+++ SOURCE MATERIAL +++

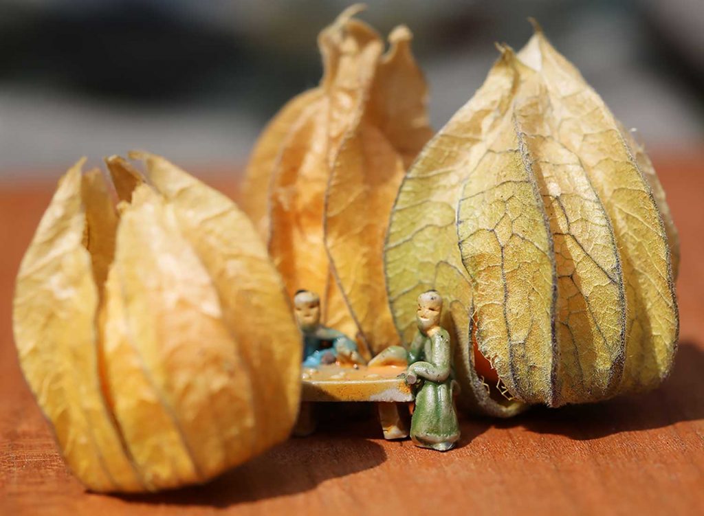 Dans Les contes zen du potager, les héros sont des moines ou des samouraïs; un légume, un fruit ou une petite douceur leur sert de corps, révélant leur caractère. Composé tel un recueil de courtes formes et de haïkus, chaque intervention des manipulateurs se veut aussi assurée et minimale que le geste du calligraphe ou du cuisinier japonais, aussi rituelle que l’art du thé, aussi amusante et inventive que le permet l’art de l’objet!
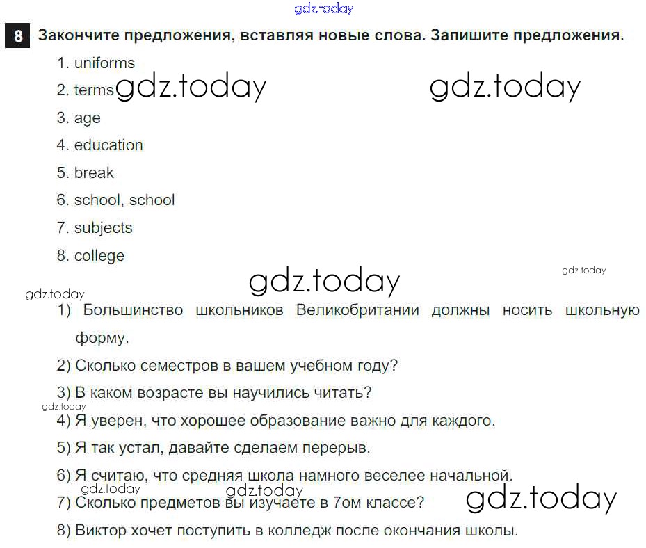На страницах сайта gdz.today вы найдете учебный и вспомогательный материал, направленный на улучшения знаний школьной программы. ГДЗ - онлайн мир знаний Step 4 Решение к UNIT 1. SCHOOLS AND SCHOOLING. 8 Учебнику по Английскому языку для 7 класса Афанасьева, Михеева Дрофа Rainbow 2019
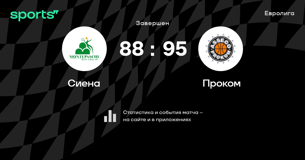В прошедшем матче в рамках турнира Евролига (Группа B) состоялась встреча команд Сиена - Проком в городе Сиена (Италия) на стадионе ПалаЭстра (вместимость - 1976)
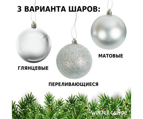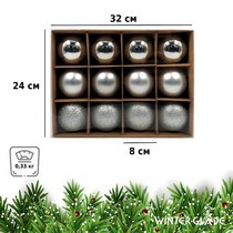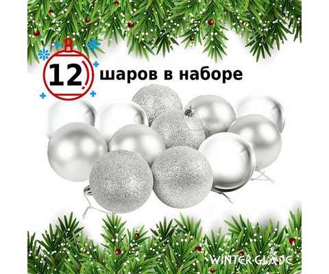 Набор ёлочных шаров Winter Glade пластик 8 см 12 шт серебряный микс
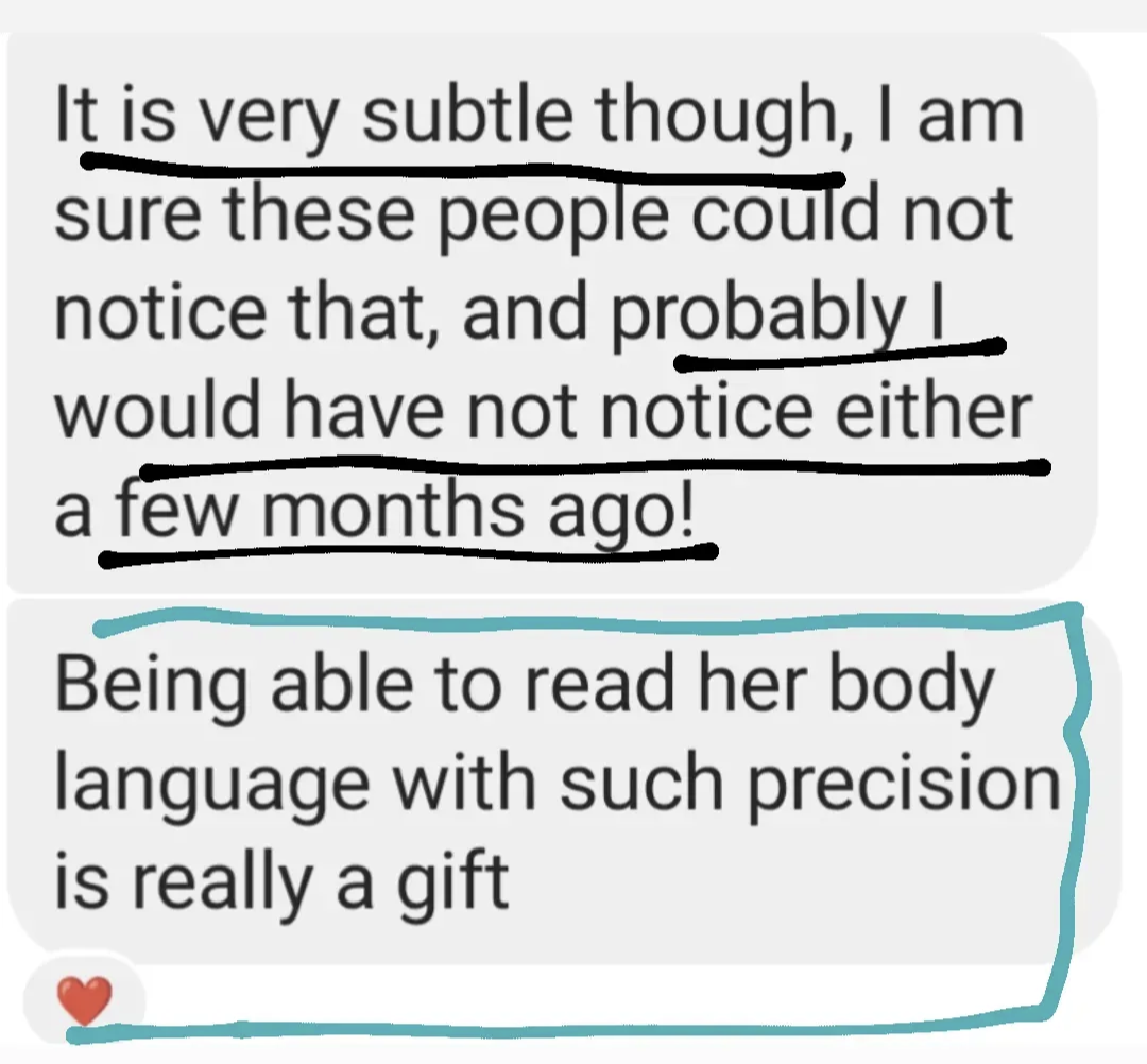 [Our] Communication has improved a lot! I am able to understand Vee with precision, which really helps me in preventing problems. I think she also feels more confident because she knows how she can ask things from me.

+++

● **EXERCISE PROMPT**: The data above must be copied exactly. Leave out the pictures.

● **WORKED SOLUTION**:
 Dans Les contes zen du potager, les héros sont des moines ou des samouraïs; un légume, un fruit ou une petite douceur leur sert de corps, révélant leur caractère. Composé tel un recueil de courtes formes et de haïkus, chaque intervention des manipulateurs se veut aussi assurée et minimale que le geste du calligraphe ou du cuisinier japonais, aussi rituelle que l’art du thé, aussi amusante et inventive que le permet l’art de l’objet!
На страницах сайта gdz.today вы найдете учебный и вспомогательный материал, направленный на улучшения знаний школьной программы. ГДЗ - онлайн мир знаний Step 4 Решение к UNIT 1. SCHOOLS AND SCHOOLING. 8 Учебнику по Английскому языку для 7 класса Афанасьева, Михеева Дрофа Rainbow 2019
В прошедшем матче в рамках турнира Евролига (Группа B) состоялась встреча команд Сиена - Проком в городе Сиена (Италия) на стадионе ПалаЭстра (вместимость - 1976)
 Набор ёлочных шаров Winter Glade пластик 8 см 12 шт серебряный микс
 [Our] Communication has improved a lot! I am able to understand Vee with precision, which really helps me in preventing problems. I think she also feels more confident because she knows how she can ask things from me.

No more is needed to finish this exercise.